This episode grapples with two omnipresent themes in Harry Potter: death and immortality.
Although the series has sometimes been deemed too dark for children, death can happen to anyone at any time, making it not purely an adult theme but something kids should also learn to encounter. Katy and Emily are joined by Dr. John Anthony Dunne, Associate Professor of New Testament and Director of the Doctor of Ministry program at Bethel Seminary in St.
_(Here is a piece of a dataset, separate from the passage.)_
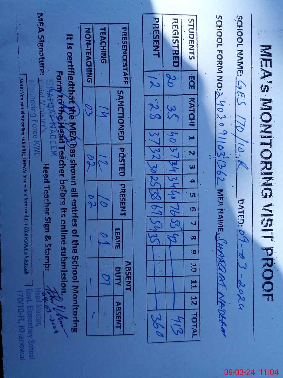 | Attendance Register | Head Teacher | MEA with School | Visit Proof |
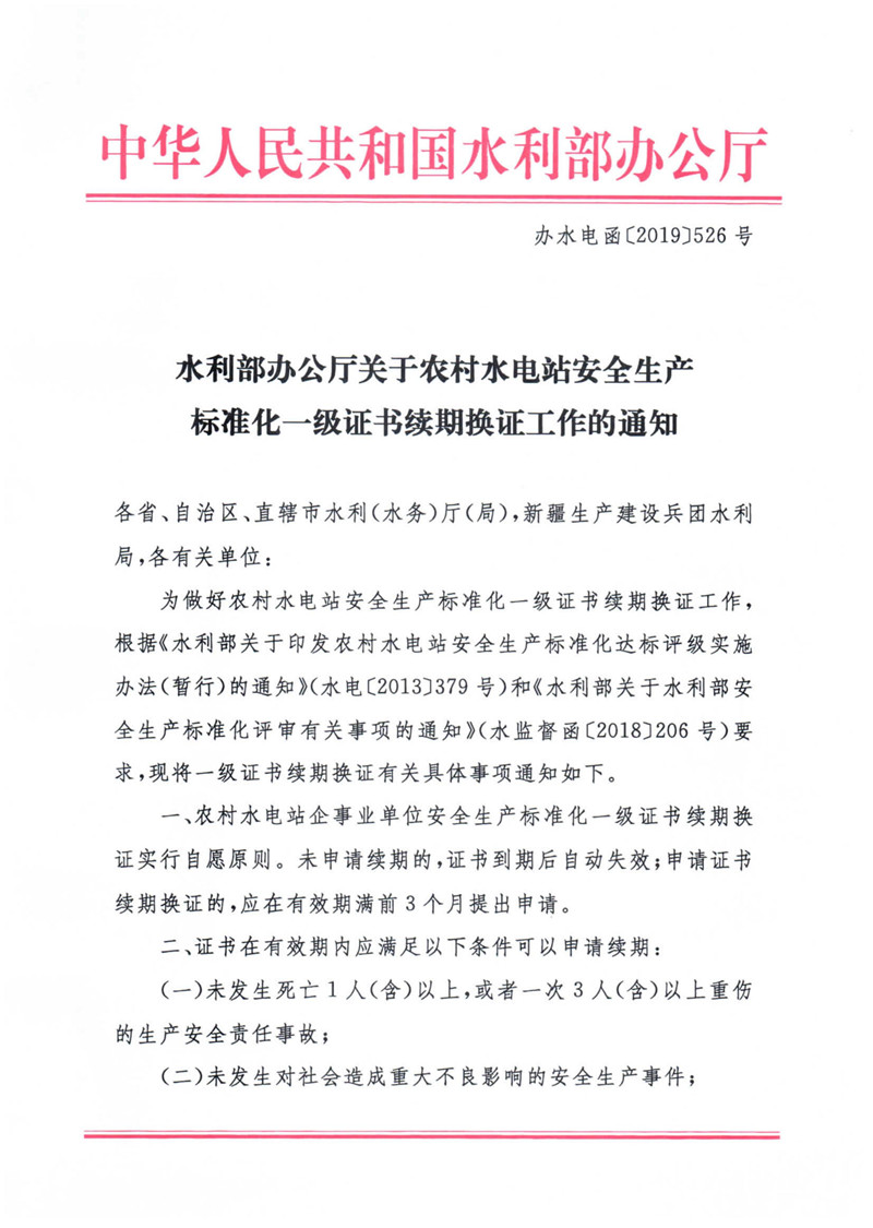 水利部办公厅关于农村水电站安全生产标准化一级证书续期换证工作的通知

Paul, Minnesota, and co-host of The Two Cities podcast, to explore the meaning of death and approaches to it in Harry Potter.
John disagrees with the popular fan theory, approved by the author, that Dumbledore plays the role of Death from “The Tale of the Three Brothers.” Voldemort seems much more closely tied to Death and Dumbledore to the Resurrection Stone. We discuss the connection between Death Eaters and ancient religious conceptions of death, in which death is something that consumes.
John argues that Harry Potter is an anti-transhumanist text. Transhumanism is the idea of an extreme extension of life, in which humans can advance and upgrade themselves with increased longevity and well-being. Potter pushes against that idea and rejects the desire for immortality, instead emphasizing the importance of living on by passing things onto the next generation, like the Invisibility Cloak. Creating Horcruxes through murder to extend life lacks the hopeful, humanist goal at the core of transhumanism, and someone who would go to such lengths for eternal life seems highly unlikely to have a child, despite the events of Harry Potter and the Cursed Child. We also talk about death in The Christmas Pig and the capitalist connection between hoarding life and hoarding money.